***** DATA FOR THE TASK *****

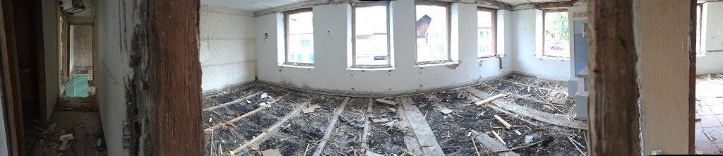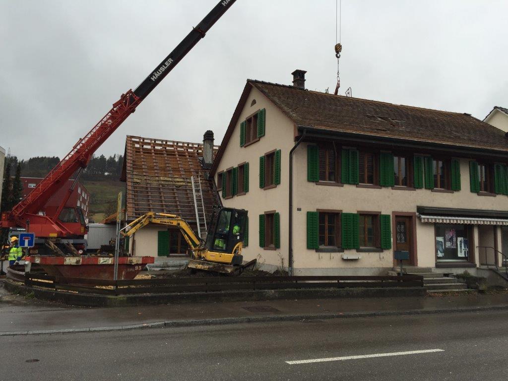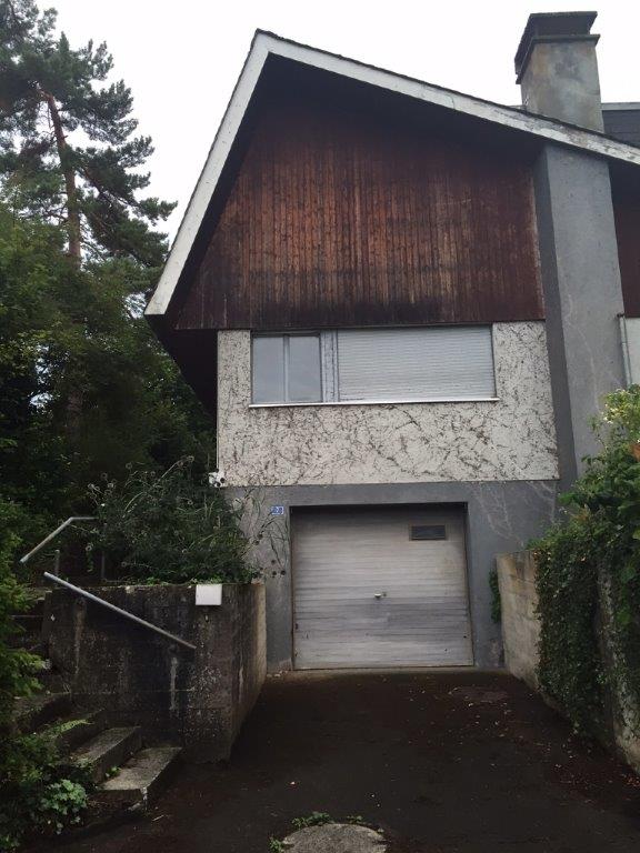 - Zeile1 Beschreibung: So präsentierte sich die Liegenschaft an der Wetzikerstrasse 21 in Oberhittnau vor dem Umbau. Die Fassaden und der Dachstock blieben bestehen, Innen wurde das Objekt vollständig leer geräumt und ausgehölt.
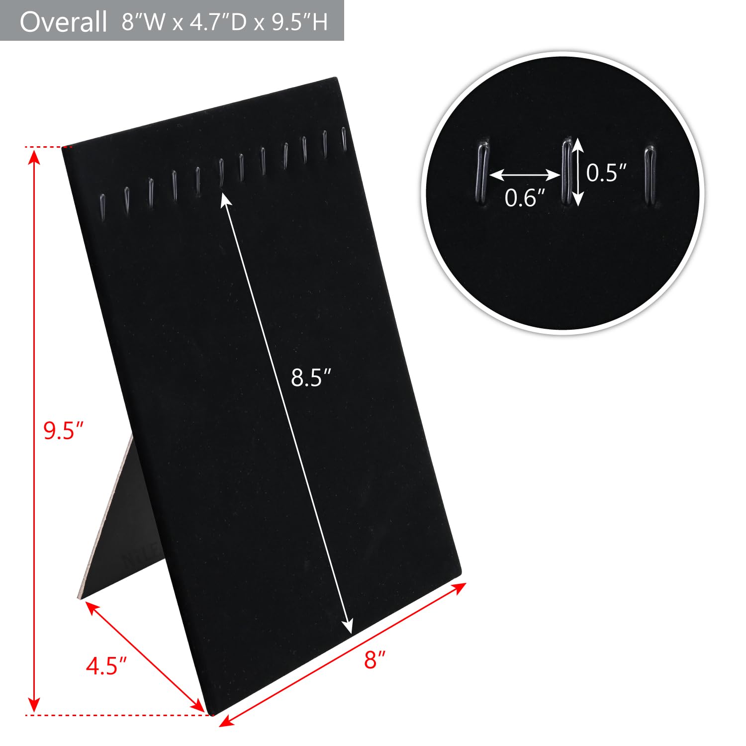 - 12-HOOK BRACELET DISPLAY: This display stand can hold up to 12 elegant bracelets. It features a sturdy easel stand wrapped in deluxe black velvet for a sophisticated presentation.
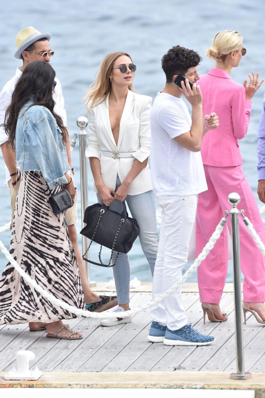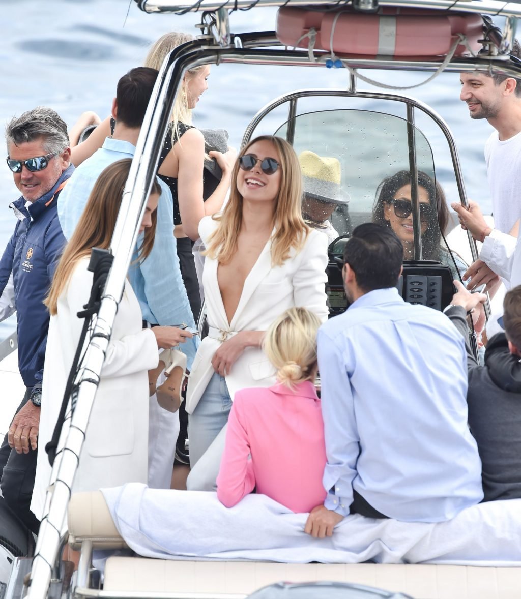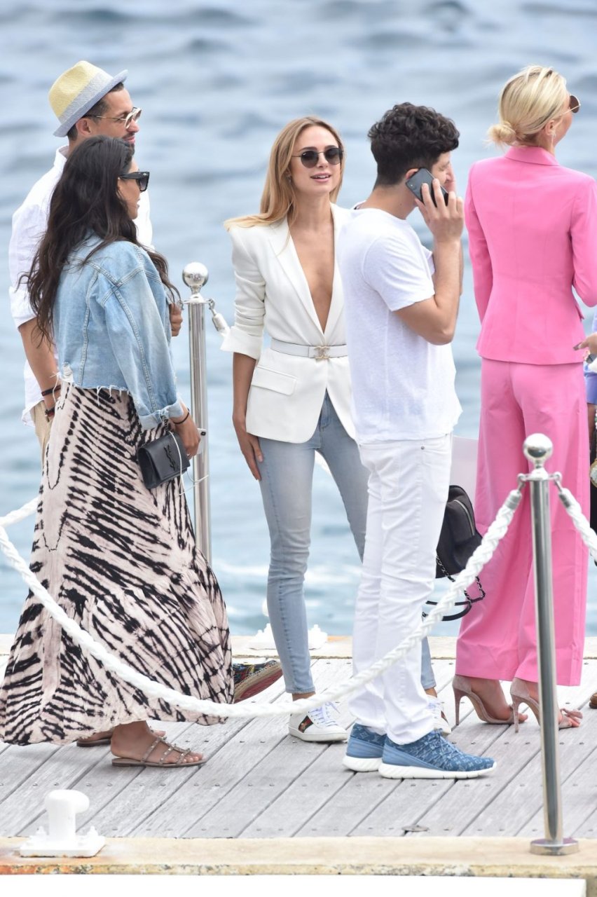 Kimberley Garner aparece sin sujetador con una sexy chaqueta blanca y jeans en el hotel Eden Roc en Antibes, 21/05/2019.
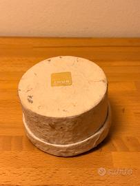 Scatolina decorativa THUN di forma rotonda, realizzata in materiale cartaceo pressato con finitura naturale color avorio. Il coperchio è coordinato e presenta un pomello centrale in metallo con lavorazione decorativa. Sul fondo è presente l’etichetta originale THUN.
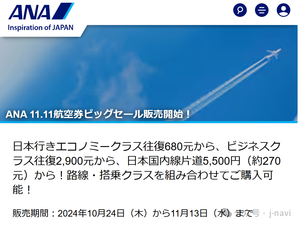 日中路線を運航する航空会社が続々と「ダブルイレブン」セールを打ち出している。全日空(ANA)は北京・上海・広州・深圳・大連・青島・杭州発日本行き直行便を680元(約13,500円)から、ビジネスクラスは2,900元(約58,000円)から販売。セールは11月13日まで。
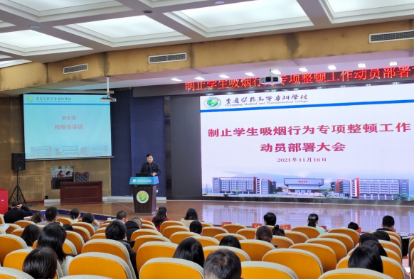 为树立和展现学校师生良好的精神面貌,养成良好文明的生活习惯,创造文明、洁净、优美的校园环境,11月18日下午,学校图书馆学术报告厅举行了“制止学生吸烟行为专项整顿工作”动员部署大会。学校党委副书记黄萌,有关职能部门负责人,各院部(校区)党总支(直属党支部)书记、副书记、非毕业年级辅导员、学生代表参加了启动仪式。启动仪式由学生处处长陈立书主持。
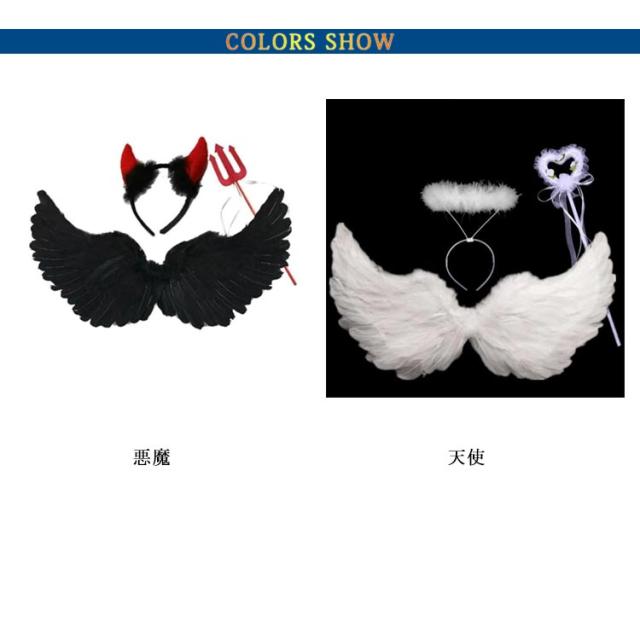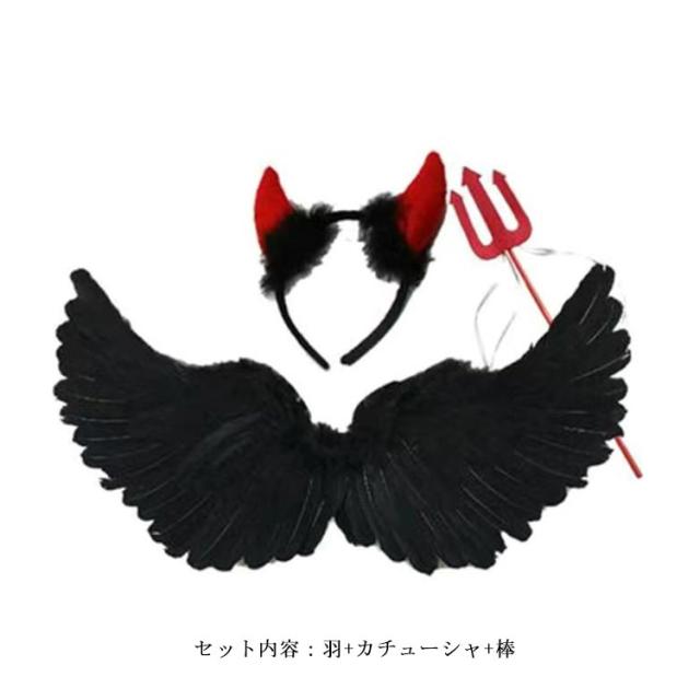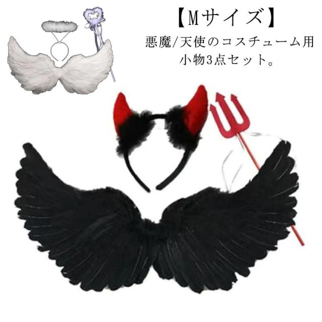 【Mサイズ】3点セット 悪魔/天使 ハロウイン コスチューム 悪魔の羽 フェザー 翼 羽根 エンジェル 大人 子供 コスプレ デビル 衣装 パーツ パーティー小物 妖精 カチューシャ 悪魔の棒 仮装 ハローウィン ツノ 黒 白 送料無料
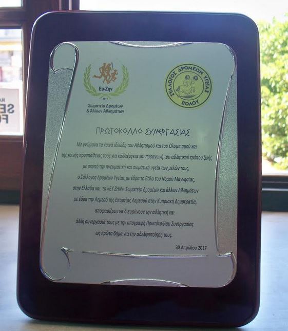Μεγάλη στιγμή για την ιστορία του Συλλόγου Δρομέων Υγείας Βόλου αποτέλεσε η αδελφοποίηση και το πρωτόκολλο συνεργασίας που υπογράφτηκε με το Σωματείο Δρομέων και άλλων Αθλημάτων «ΕΥ ΖΗΝ» Λεμεσού. Τη Κυριακή 30 Απριλίου, μία ημέρα μετά τη διεξαγωγή του 3ου Ημιμαραθωνίου Βόλου πραγματοποιήθηκε η εκδήλωση στην αίθουσα στο Μεταξουργείο.
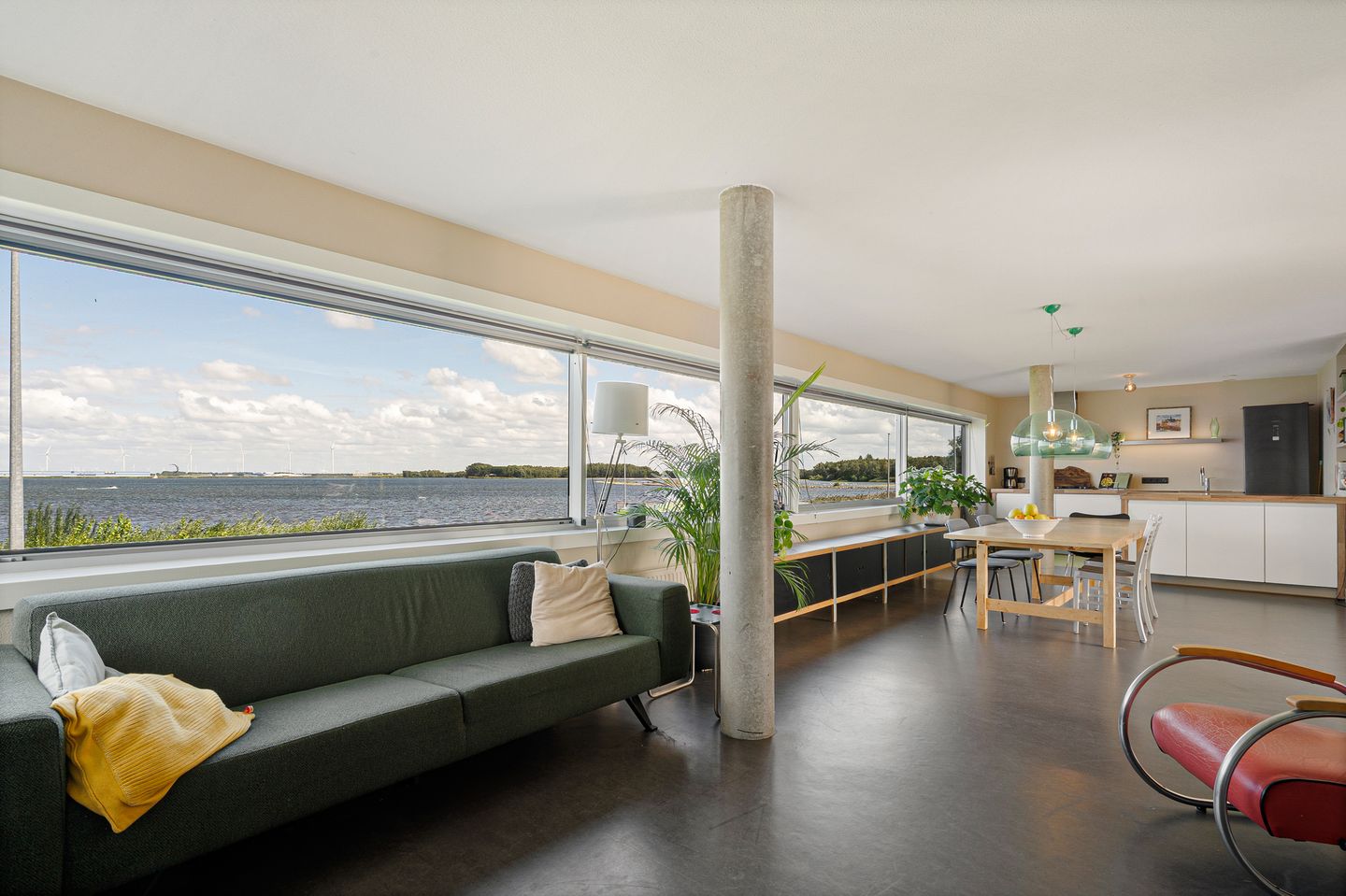 Sommige huizen hebben iets bijzonders. Ze verrassen je. Door de ruimte, het licht of het uitzicht. En soms komt alles samen. Gooimeerpromenade 88 is er zo één. Een woning over de volle breedte van meer dan twaalf meter, met kenmerkende horizontale raampartijen waardoor je bij binnenkomst direct zicht hebt op het water. Je blik trekt direct naar buiten: een levend schilderij van licht, lucht en ruimte. Het uitzicht is ieder moment van de dag anders en verveelt nooit. Of je nu 's ochtends met een kop koffie aan de eettafel zit of 's avonds met een glas wijn op het dakterras, hier draait het om rust, ruimte en uitzicht.

*****

WHAT IS NEEDED
Omit the pictures; restate every entry word for word.

SOLVED EXERCISE
 - Zeile1 Beschreibung: So präsentierte sich die Liegenschaft an der Wetzikerstrasse 21 in Oberhittnau vor dem Umbau. Die Fassaden und der Dachstock blieben bestehen, Innen wurde das Objekt vollständig leer geräumt und ausgehölt.
 - 12-HOOK BRACELET DISPLAY: This display stand can hold up to 12 elegant bracelets. It features a sturdy easel stand wrapped in deluxe black velvet for a sophisticated presentation.
 Kimberley Garner aparece sin sujetador con una sexy chaqueta blanca y jeans en el hotel Eden Roc en Antibes, 21/05/2019.
 Scatolina decorativa THUN di forma rotonda, realizzata in materiale cartaceo pressato con finitura naturale color avorio. Il coperchio è coordinato e presenta un pomello centrale in metallo con lavorazione decorativa. Sul fondo è presente l’etichetta originale THUN.
 日中路線を運航する航空会社が続々と「ダブルイレブン」セールを打ち出している。全日空(ANA)は北京・上海・広州・深圳・大連・青島・杭州発日本行き直行便を680元(約13,500円)から、ビジネスクラスは2,900元(約58,000円)から販売。セールは11月13日まで。
 为树立和展现学校师生良好的精神面貌,养成良好文明的生活习惯,创造文明、洁净、优美的校园环境,11月18日下午,学校图书馆学术报告厅举行了“制止学生吸烟行为专项整顿工作”动员部署大会。学校党委副书记黄萌,有关职能部门负责人,各院部(校区)党总支(直属党支部)书记、副书记、非毕业年级辅导员、学生代表参加了启动仪式。启动仪式由学生处处长陈立书主持。
 【Mサイズ】3点セット 悪魔/天使 ハロウイン コスチューム 悪魔の羽 フェザー 翼 羽根 エンジェル 大人 子供 コスプレ デビル 衣装 パーツ パーティー小物 妖精 カチューシャ 悪魔の棒 仮装 ハローウィン ツノ 黒 白 送料無料
Μεγάλη στιγμή για την ιστορία του Συλλόγου Δρομέων Υγείας Βόλου αποτέλεσε η αδελφοποίηση και το πρωτόκολλο συνεργασίας που υπογράφτηκε με το Σωματείο Δρομέων και άλλων Αθλημάτων «ΕΥ ΖΗΝ» Λεμεσού. Τη Κυριακή 30 Απριλίου, μία ημέρα μετά τη διεξαγωγή του 3ου Ημιμαραθωνίου Βόλου πραγματοποιήθηκε η εκδήλωση στην αίθουσα στο Μεταξουργείο.
 Sommige huizen hebben iets bijzonders. Ze verrassen je. Door de ruimte, het licht of het uitzicht. En soms komt alles samen. Gooimeerpromenade 88 is er zo één. Een woning over de volle breedte van meer dan twaalf meter, met kenmerkende horizontale raampartijen waardoor je bij binnenkomst direct zicht hebt op het water. Je blik trekt direct naar buiten: een levend schilderij van licht, lucht en ruimte. Het uitzicht is ieder moment van de dag anders en verveelt nooit. Of je nu 's ochtends met een kop koffie aan de eettafel zit of 's avonds met een glas wijn op het dakterras, hier draait het om rust, ruimte en uitzicht.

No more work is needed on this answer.